One of Mount Rainier National Park’s most scenic roads has reopened after an extensive $43-million, two-year rehabilitation project funded by the Great American Outdoors Act Legacy Restoration Fund.

The project repaired and restored 9 miles of the iconic Stevens Canyon Road, which travels through the heart of the park and offers visitors views of the rugged alpine landscape. 

As the only road in the park connecting the popular Paradise and Sunrise areas, Stevens Canyon Road is traveled by many of the park’s 1.6 million annual visitors. The corridor also provides access to additional scenic attractions, recreational opportunities and gateway communities along the park’s eastern border.

Decades of harsh winters, avalanches, rock fall and heavy traffic had impacted the road infrastructure, drainage systems, retaining walls and the road surface itself. 

“The project's completion enables continued visitor enjoyment of the park’s natural, cultural and inspirational features and reinforces infrastructure integrity through the repair of critical water drainage features that support proper runoff and minimize erosion,” park staff stated in a news release.  

Great American Outdoors Act (GAOA) funding enabled the National Park Service to make this investment, which included repairing and repointing historic Civilian Conservation Corps-era stone masonry guard walls, retaining walls, culvert headwalls, tunnel portals, stone curbs, bridges and viaduct parapet walls that contribute to the park's National Historic Landmark District status. 

“We are thrilled to reopen this spectacular route linking the west and east sides of the park in time for the busy summer season,” Park Superintendent Greg Dudgeon stated in the news release. “As a result of all this work, visitors will have a smooth, scenic ride through the park and easier access to recreational opportunities.”

Stevens Canyon Road is buried under snow from approximately October through May every year, which limits construction work to the short, snow-free summer season. The roadway reopened to the public on May 24.

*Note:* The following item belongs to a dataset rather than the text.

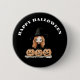 Happy Halloween Scary witch Button. It is Orange and black Happy Halloween with a screeching black cat can be customized to add names, text, or sayings. Click "customize it" to add yours. It is great for fun Halloween gifts and treats!

Th Great American Outdoors Act is part of a concerted effort to address the extensive deferred maintenance and repair backlog in national parks. Supported by revenue from energy development, the Great American Outdoors Act Legacy Restoration Fund provides up to $1.3 billion per year for five years to make significant enhancements in national parks to ensure their preservation and provide opportunities for recreation, education and enjoyment for current and future visitors, according to the park service.